> Task brief
No pictures belong in the copy. Retype exactly, and only, the stretch of lines below from the one with "Blue and white" through the one with "池(7画)宮(10画)城(10画) 俊(9画)一(1画)".

> Supplied entries

# # # # # # #

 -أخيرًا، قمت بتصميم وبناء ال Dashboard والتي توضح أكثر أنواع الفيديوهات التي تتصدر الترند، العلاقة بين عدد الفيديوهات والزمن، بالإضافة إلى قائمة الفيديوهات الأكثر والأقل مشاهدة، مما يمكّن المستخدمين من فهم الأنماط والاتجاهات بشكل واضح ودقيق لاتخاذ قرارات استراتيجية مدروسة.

# # # # # # #

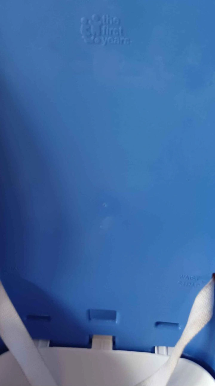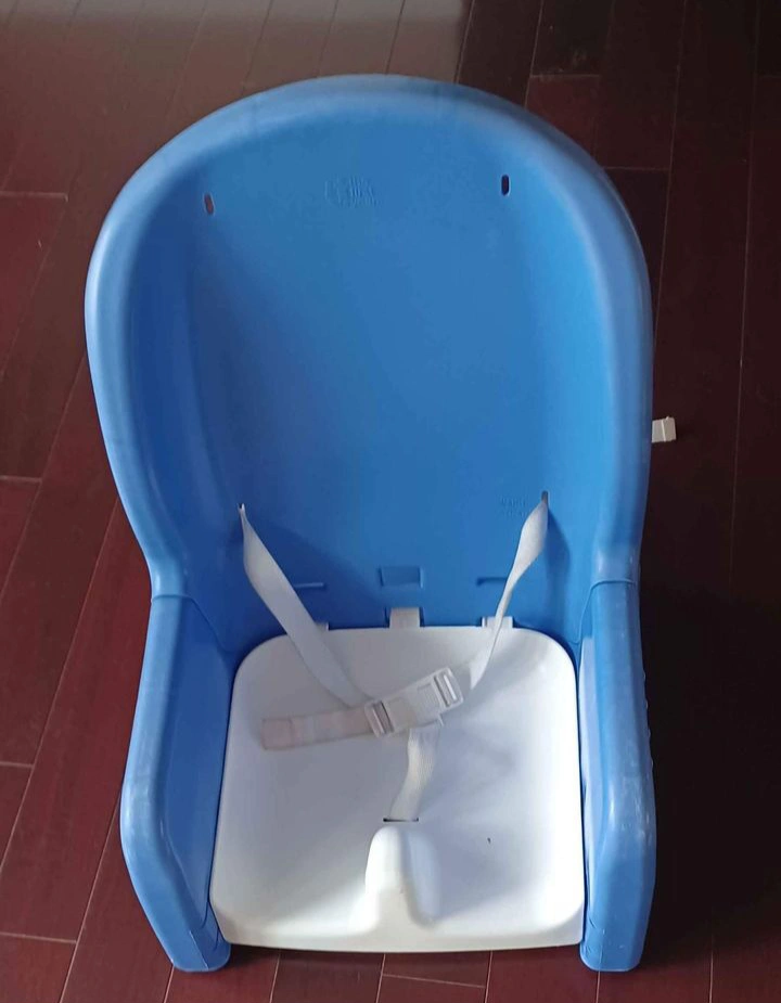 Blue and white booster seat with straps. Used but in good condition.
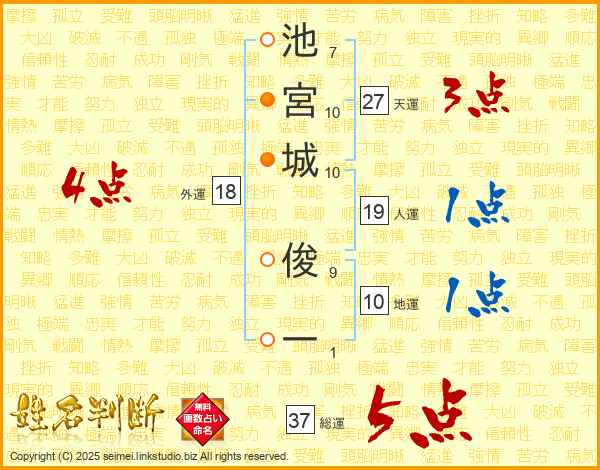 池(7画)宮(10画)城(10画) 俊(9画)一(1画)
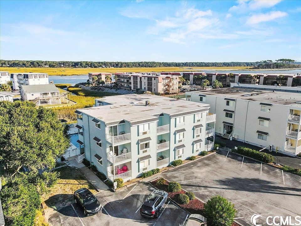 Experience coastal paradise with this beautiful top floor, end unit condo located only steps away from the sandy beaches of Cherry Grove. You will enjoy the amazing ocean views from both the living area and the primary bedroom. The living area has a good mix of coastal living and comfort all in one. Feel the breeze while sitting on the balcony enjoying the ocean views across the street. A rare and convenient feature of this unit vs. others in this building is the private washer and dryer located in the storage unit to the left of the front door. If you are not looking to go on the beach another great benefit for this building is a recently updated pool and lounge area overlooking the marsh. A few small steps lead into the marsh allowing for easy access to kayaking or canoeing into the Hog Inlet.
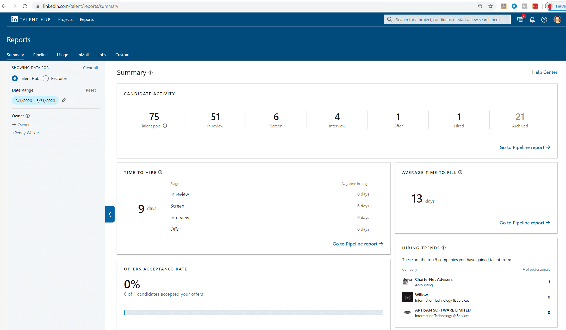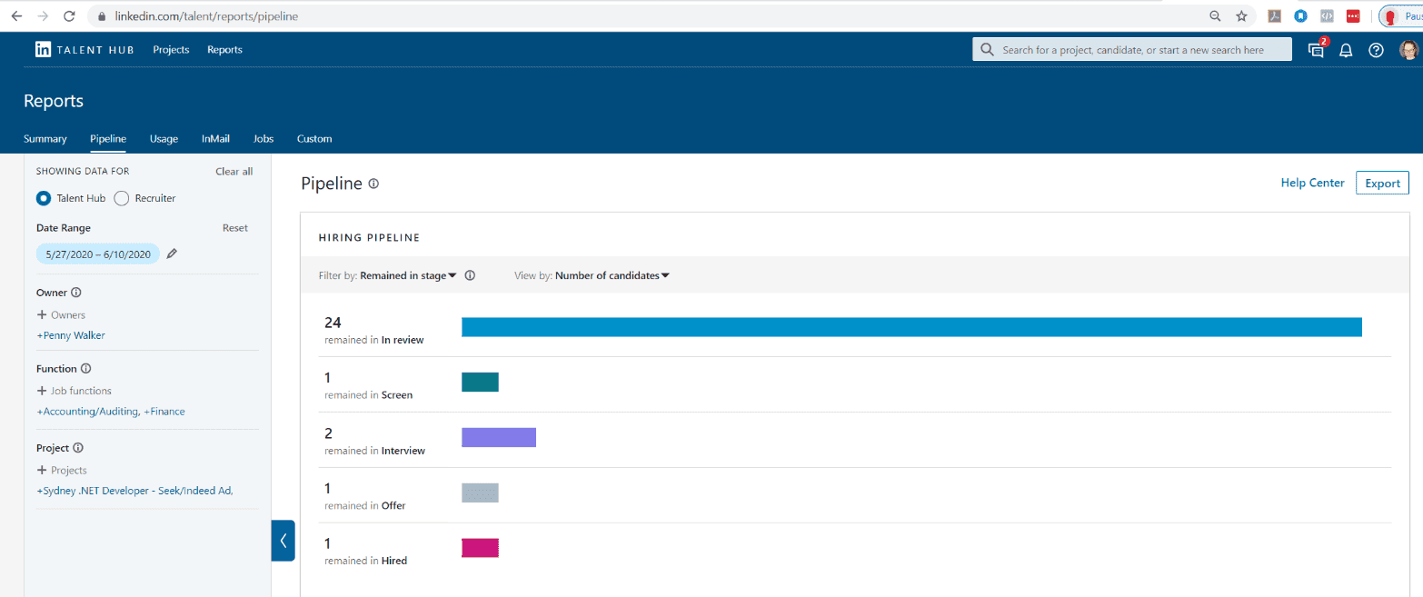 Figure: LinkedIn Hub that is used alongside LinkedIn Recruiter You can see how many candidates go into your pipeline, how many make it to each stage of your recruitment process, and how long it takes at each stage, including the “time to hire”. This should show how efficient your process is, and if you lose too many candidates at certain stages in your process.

# # # # # # #

> Expected answer
 Blue and white booster seat with straps. Used but in good condition.
 池(7画)宮(10画)城(10画) 俊(9画)一(1画)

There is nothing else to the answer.